- Instructions for the task
Give again, word for word, the lines below that run from the line with "課程將教授媒體宣教的神學和理" through the line with "広慶二郎さんの総運は42画の3点!". Drop the pictures.

- Given data
*** Block opens ***

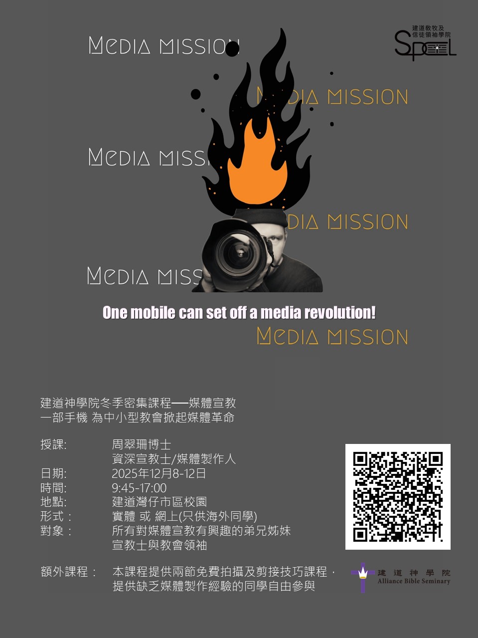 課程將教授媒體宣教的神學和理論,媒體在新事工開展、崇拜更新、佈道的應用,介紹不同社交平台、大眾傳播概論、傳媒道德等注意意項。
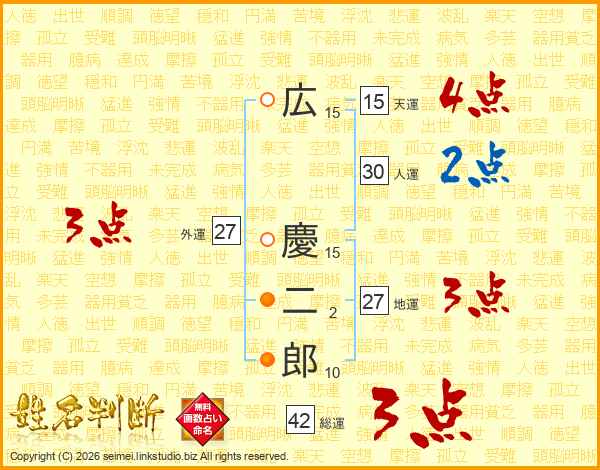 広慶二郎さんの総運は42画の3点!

*** Block closes ***
*** Block opens ***

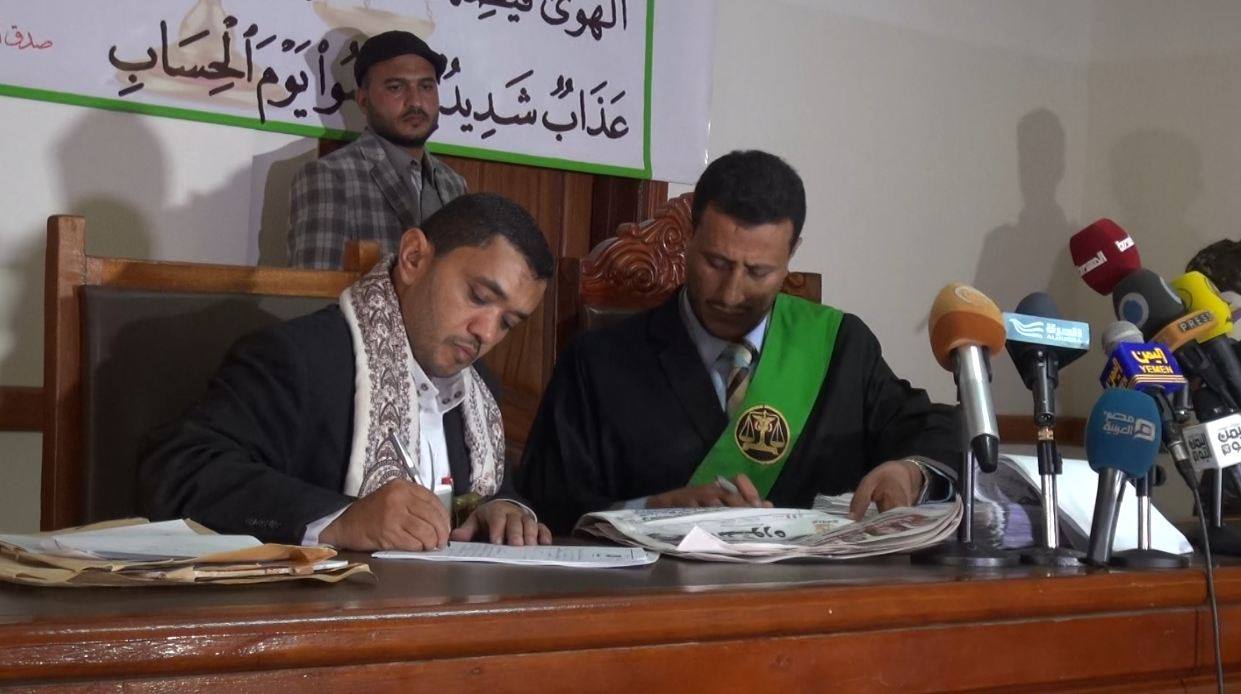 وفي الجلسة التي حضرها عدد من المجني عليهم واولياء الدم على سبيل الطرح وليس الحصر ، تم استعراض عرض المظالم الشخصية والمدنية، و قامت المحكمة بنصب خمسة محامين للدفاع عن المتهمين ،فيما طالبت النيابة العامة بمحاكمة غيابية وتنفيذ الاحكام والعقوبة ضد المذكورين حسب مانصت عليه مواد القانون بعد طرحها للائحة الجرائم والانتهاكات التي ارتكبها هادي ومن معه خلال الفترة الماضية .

*** Block closes ***

- Answer below
 課程將教授媒體宣教的神學和理論,媒體在新事工開展、崇拜更新、佈道的應用,介紹不同社交平台、大眾傳播概論、傳媒道德等注意意項。
 広慶二郎さんの総運は42画の3点!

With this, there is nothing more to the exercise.